2012-12-15

アラビアン・ナイトの世界 [前嶋信次著]


1970年に発行された前嶋先生のアラビアン・ナイト解説本の文庫版。前嶋先生はアラビアン・ナイトの全説話を日本語訳にすることを始めた方。

前半は前嶋先生とアラビアン・ナイトとの出会いと、平凡社の東洋文庫から出版することになった経緯などが語られている。さらに研究者によるアラビアン・ナイト起源説をめぐるこれまでの学術論争などについて書かれ、アラビアン・ナイトとその他の古典文学との類似性について論証している。シンドバードとオデュッセイアの類似点などの検討。さらに、アラビアン・ナイトが各地域の説話から影響を受けていることを読者に知ってもらうために、アラビアン・ナイトから一つの物語を取り出して掲載している。

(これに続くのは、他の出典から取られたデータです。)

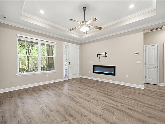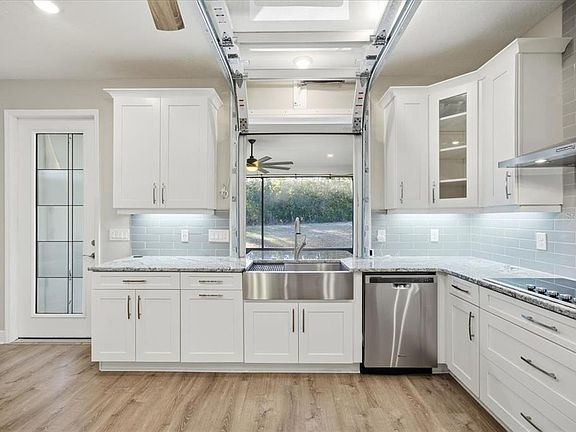 Prepare to be impressed the moment you step inside this beautifully upgraded home. Elegant tray ceilings highlight both the living room and primary bedroom, while 6" baseboards flow throughout for a clean, modern finish. The kitchen immediately commands attention with 42" cabinets topped with crown molding, soft-close features, under-cabinet lighting, and premium upgrades including quartz countertops, stainless steel appliances, a pot filler, and a distinctive garage-style window that opens directly to the patio, perfect for effortless entertaining. All bedrooms feature carpeting, while every bathroom showcases tile flooring and beautifully tiled showers. The primary suite is further elevated with a luxurious rain shower head, creating a spa-like experience at home. As you move toward the outdoor living area, a covered and screened patio invites you to relax year-round. The complete outdoor bar is built for hosting, featuring granite countertops and a beverage fridge. Gutters surround the entire home for added convenience and care. Inside the garage, you’ll find epoxy-sealed flooring and a Wi-Fi–enabled insulated garage door. Additional thoughtful enhancements include CCTV pre-wiring with cameras, an in-wall built-in safe in the primary bedroom, and a hideaway sliding screen at the front door. Quality construction adds even more value, with block exterior walls, spray foam insulation, and fully insulated exterior walls providing comfort and efficiency. Lightly lived in as a second home, this property feels nearly brand new and is truly move-in ready.

この本の目的は学術的な考察なのだけれど、わかりやすい文章で読み物として楽しめる。

別巻を除いて全18巻発行されているが、前嶋先生は12巻の途中で力尽きてしまわれた。池田修先生が引き継いで日本語版アラビアン・ナイトが全巻刊行されたという経緯がある。私は10年近くかけて全巻読破した。あれからさらに10年以上経って、偶然この本を見つけて読んで、アラビアン・ナイトの面白さを思い出した。

アラビアン・ナイトを読んでいる時からずっとバグダッドに行ってみたいと思っている。アラビアン・ナイトの時代の面影はもう街中にないだろうけれど、バグダッドという町をこの目で見てみたい。私が老人になって死ぬまでの間にはバグダッドが平穏な町に戻る日が来ると思う。それまで待つつもり。